Exercise details: State the count of lines in this material that hold the string "para" and add nothing.
--------------------------------------------------
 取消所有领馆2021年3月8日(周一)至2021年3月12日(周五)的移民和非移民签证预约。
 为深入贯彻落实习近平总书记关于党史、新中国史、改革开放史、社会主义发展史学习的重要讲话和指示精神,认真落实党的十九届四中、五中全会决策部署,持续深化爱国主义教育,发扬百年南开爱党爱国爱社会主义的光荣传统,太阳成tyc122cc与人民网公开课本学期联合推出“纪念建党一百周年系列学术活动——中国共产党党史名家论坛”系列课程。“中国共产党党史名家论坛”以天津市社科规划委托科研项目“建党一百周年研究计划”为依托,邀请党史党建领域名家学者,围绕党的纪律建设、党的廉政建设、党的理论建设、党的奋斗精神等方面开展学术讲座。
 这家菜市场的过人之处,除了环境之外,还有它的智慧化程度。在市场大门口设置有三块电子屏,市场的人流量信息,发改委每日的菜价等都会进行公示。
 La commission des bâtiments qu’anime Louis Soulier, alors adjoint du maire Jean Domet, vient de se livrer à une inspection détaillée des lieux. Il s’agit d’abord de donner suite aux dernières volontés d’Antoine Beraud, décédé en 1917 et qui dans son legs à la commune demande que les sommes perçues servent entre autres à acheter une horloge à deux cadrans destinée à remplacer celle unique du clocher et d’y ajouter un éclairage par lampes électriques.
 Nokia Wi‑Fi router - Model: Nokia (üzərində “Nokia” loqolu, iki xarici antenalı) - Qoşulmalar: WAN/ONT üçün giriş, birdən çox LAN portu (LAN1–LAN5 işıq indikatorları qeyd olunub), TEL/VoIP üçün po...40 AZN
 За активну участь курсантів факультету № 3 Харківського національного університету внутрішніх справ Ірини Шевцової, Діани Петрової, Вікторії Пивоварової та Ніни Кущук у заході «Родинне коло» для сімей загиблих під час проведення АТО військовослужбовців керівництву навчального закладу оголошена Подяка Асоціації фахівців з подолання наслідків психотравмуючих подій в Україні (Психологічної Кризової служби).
--------------------------------------------------
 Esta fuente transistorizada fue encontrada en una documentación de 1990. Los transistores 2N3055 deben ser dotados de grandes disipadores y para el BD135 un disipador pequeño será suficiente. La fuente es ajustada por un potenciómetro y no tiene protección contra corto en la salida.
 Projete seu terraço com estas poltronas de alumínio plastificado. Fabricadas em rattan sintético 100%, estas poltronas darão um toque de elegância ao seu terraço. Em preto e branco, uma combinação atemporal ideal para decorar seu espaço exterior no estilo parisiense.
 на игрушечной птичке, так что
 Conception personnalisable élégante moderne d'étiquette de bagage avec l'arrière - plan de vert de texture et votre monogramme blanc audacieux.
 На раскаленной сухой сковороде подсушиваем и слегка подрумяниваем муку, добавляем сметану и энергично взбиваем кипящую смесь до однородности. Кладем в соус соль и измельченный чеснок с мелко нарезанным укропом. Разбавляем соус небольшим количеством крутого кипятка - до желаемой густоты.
--------------------------------------------------
Output below: 2